Nikolaos Tombazis (1894-1986)

Nikolaos Tombazis was born in 1894 at the Greek embassy in St. Petersburg. His father, however, registered him in the municipality of Hydra, the family’s ancestral home. As a child, he was drawn to nature and particularly to the mountains.

His first camera, a Box Brownie No 2, accompanied him to Greece’s archaeological sites and its mountains, which he climbed when he was 16. His first photographs, dating from 1912 to 1916, were gathered into a handcrafted portfolio entitled "Greece—Travels 1912–1916".

At the age of 18, he was hired by the Rallis Brothers Company and sent to India as a trading agent. For the next 30 years he applied himself to photography, as well as to mountain climbing, fishing and breeding pedigree dogs. He was familiar with most of the Himalayan peaks, as well as the Swiss Alps, where he would spend his holidays and which he photographed extensively. In 1925 he organised a mountain climbing expedition to Mount Sikkim in the Himalayas, which resulted in the publication of his "Account of a Photographic Expedition to the Southern Glaciers of Kangchenjunga in the Sikkim Himalaya". He became a member of the Royal Photographic Society in London and treasurer of the Photographic Society of Calcutta. While in India, he organised two photography exhibits in Calcutta and one in Karachi. The birth of his children provided him with another beloved and tender subject for his camera.

In 1945, he received a pension from the Rallis Brothers and returned to Greece, where he became a professional photographer. In 1950, he began working mainly as an archaeological photographer. In collaboration with the Archaeological Society he recorded the excavations by the archaeologists Takis Theocharis at the Askitario site at Rafina and Ioannis Papadimitriou at Brauron and Merenta. His detailed record of the excavation process and documentation of the findings established him as one of the best photographers in the field.

At the same time he photographed the landscapes and rural dwellers of the Greek countryside, endowing future generations with valuable historical evidence about features of the land and people’s daily life. His love of the Greek landscape and monuments -ancient and Byzantine- ensured him a permanent collaboration with the Ministry of Tourism. His photographs illustrated archaeological publications and, during the 1950’s, were published in tourism brochures and guides.

Of great interest, for both its artistic excellence as well as its documentary value, is his series of photographs of Mount Athos, which he visited in 1962. Tombazis systematically recorded the architecture of the monasteries, the art treasures and daily life of the monks in the Athos community. Some of the Mount Athos photographs were exhibited in 1962 at the British Council, entitled "Nikolaos Tombazis: An exhibition of Photographs of Mount Athos". 
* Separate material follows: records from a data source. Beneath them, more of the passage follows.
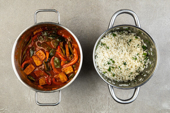 Na, mal wieder Lust auf leckeres Curry? So ein Zufall – wir haben gerade eins im Angebot! Das heutige Exemplar kommt mit knackiger Paprika, zarten grünen Bohnen und goldbraun gebackenen Tofuscheiben daher. Sie alle baden in einer köstlichen Sauce, die dank Ingwer, Knoblauch und einer leckeren Gewürzmischung richtig viel Aroma auf den Tisch bringt. Dazu gibt es natürlich flockigen Reis, garniert wird mit feinem Koriander. Mmmh!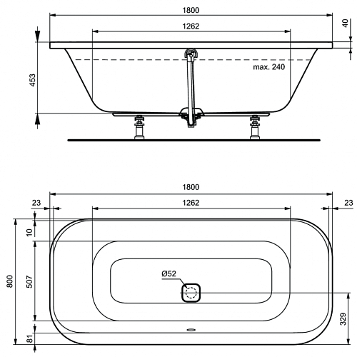 Ванна Ideal Standard K747201 Tonic II акриловая 180х80 см, Euro White (евробелый)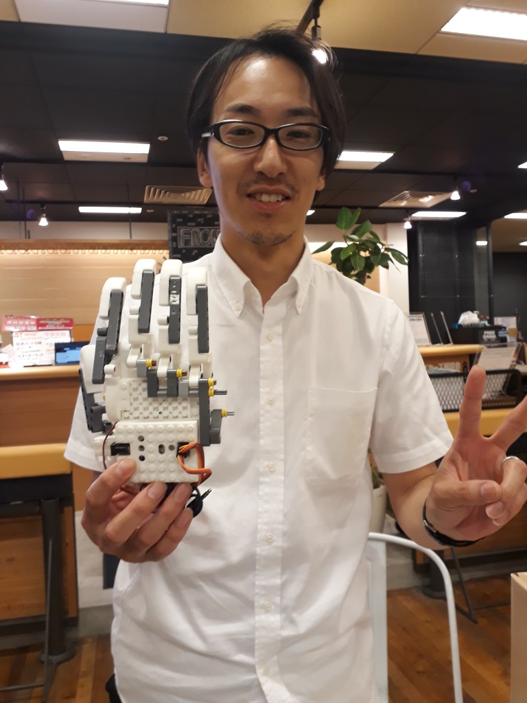 - Genta a pris la voie de l’indépendance. Il enseigne dans une université, conseille et possède son propre lab de 4m2 dans DMM Akiba, un coworking maker space. C’est là bas qu’il anime, chaque mercredi, la communauté des bénévoles makers de Mission Arm Japan. Si vous commandez une main Hackberry à assembler, il préparera le kit lui-même.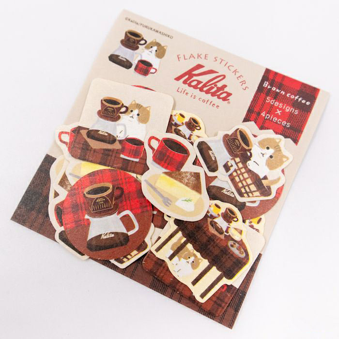 Furukawashiko Flake Stickers - Kalita Brown Coffee & Cat x 1

The archive, which numbers approximately 30,000 negatives and a great many original exhibition prints, is fully organised in handcrafted albums and attractive boxes and reflects the affection and artistic temperament of a cosmopolitan, and -why not- aristocratic photographer. Nikolaos Tombazis was awarded the distinction of becoming a member of the Fédération de l’Art Photographique of Switzerland. In 1997, his descendants donated his archive to the Benaki Museum’s Photographic Archives.